By September 1, 2010, a long-standing Texas prison tradition will come to an end--the centralized release of prisoners.

The vast majority of Texas prisoners released each year--more than 42,000 in 2008--are processed out through a red-brick walled prison built in 1842 designated the Huntsville Unit that Texas prisoners call “The Walls.” Female prisoners are released through a women’s prison in Gatesville. Texas is the last state in the nation to practice centralized release of prisoners.

The legislation mandating the change is codified at § 493.029, Texas Government Code, and requires that prisoners be released through one of at least six regional release centers or the prison at which the prisoner is incarcerated no later than September 1, 2010. Prison system spokeswoman Michelle Lyons said that the prison system expects to save money by not having to transport prisoners to Huntsville or Gatesville, but is unsure of how much the savings will be. Currently, the prison system operates a fleet of 80 buses and vans that transport over 2,100 prisoners each day for transfers between prisons and to medical facilities and courts.

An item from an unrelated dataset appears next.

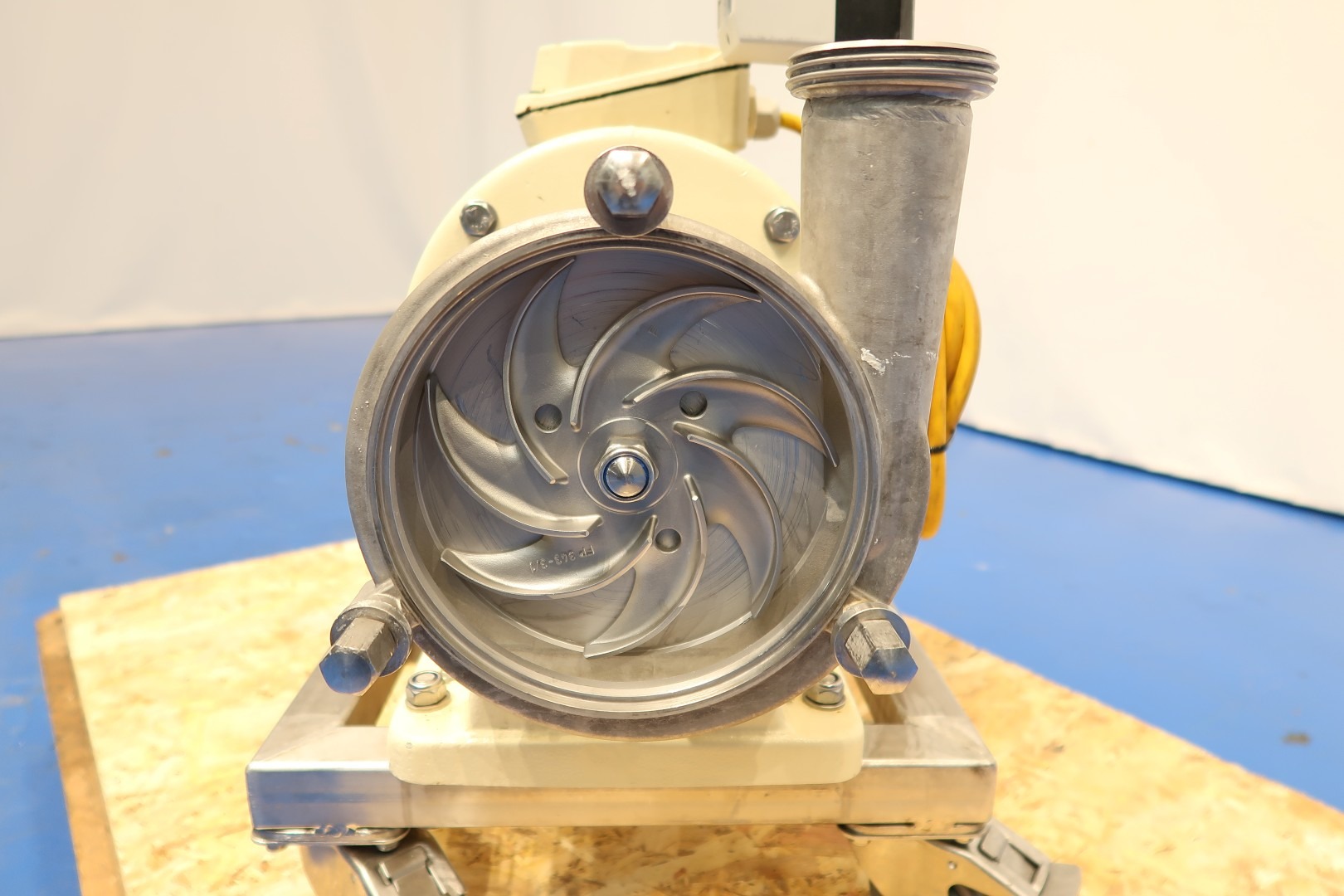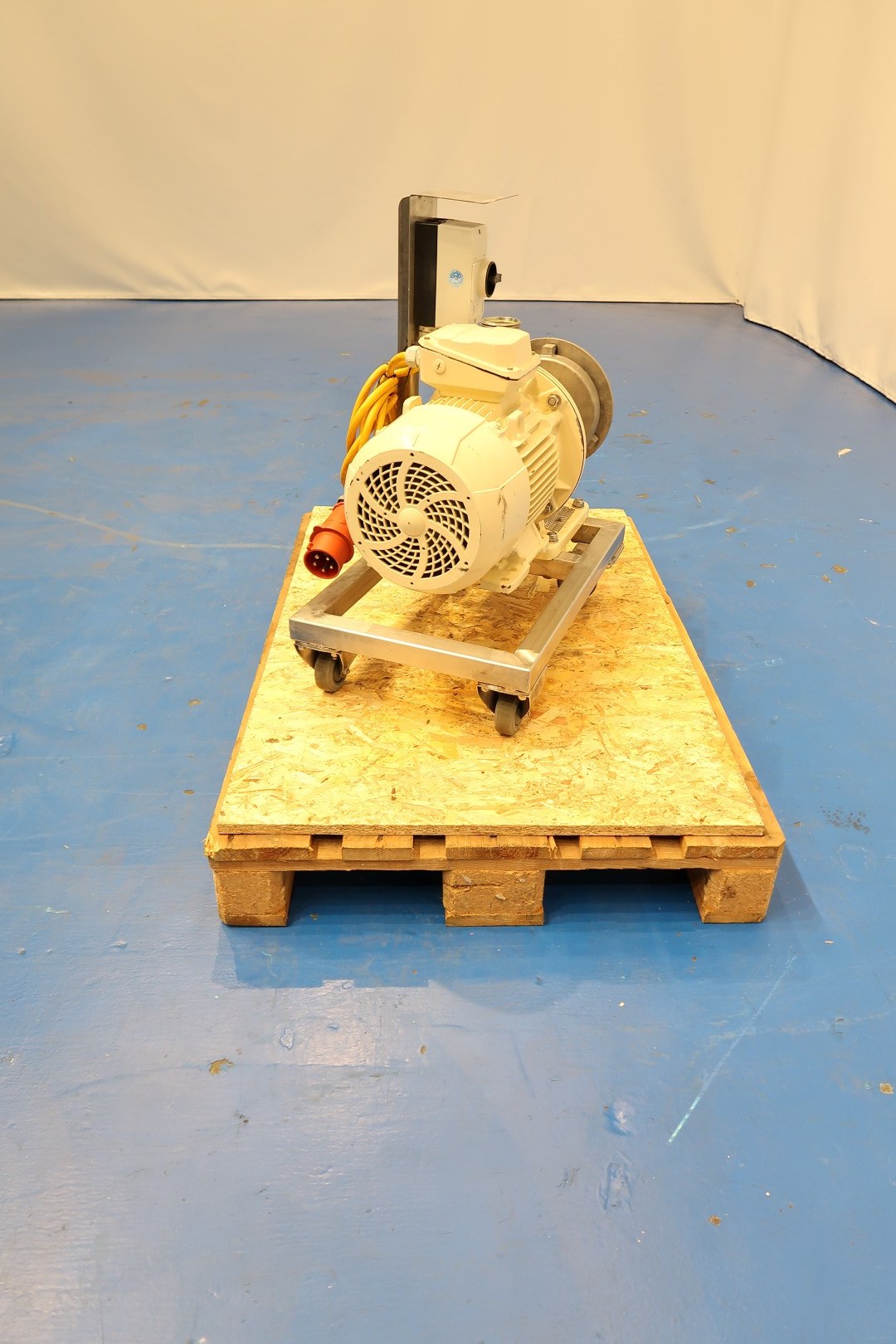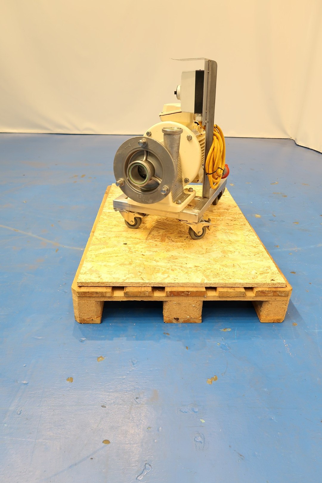 Sanitary centrifugal pump on mobile SS frame. Current motor: 7,5 kW - 14,1 A - 2.950 rpm - 50 Hz. Impellor diameter Ø 165 mm. Connections (in): 3" Din - (out): 2,5" Din. In working condition. Total dimensions: 76x40x72 (lxwxh) cm - weight: 145 kg.

“It’s been nuts to take prisoners from 112 units and haul them all the way back to Huntsville from El Paso, then let them out and buy them a bus ticket back to El Paso. This change represents a huge step forward. There’s no reason for that long ride back to Huntsville to continue,” said John Whitmire, Democratic State Senator from Houston and Chair of the Senate Criminal Justice Committee.

Some local politicians are complaining that, when Texas was building a record number of prisons in the 1990s, they were promised that prisoners would not be released into their communities. State officials say they will take that into account when designating the prisons to be used as regional release centers.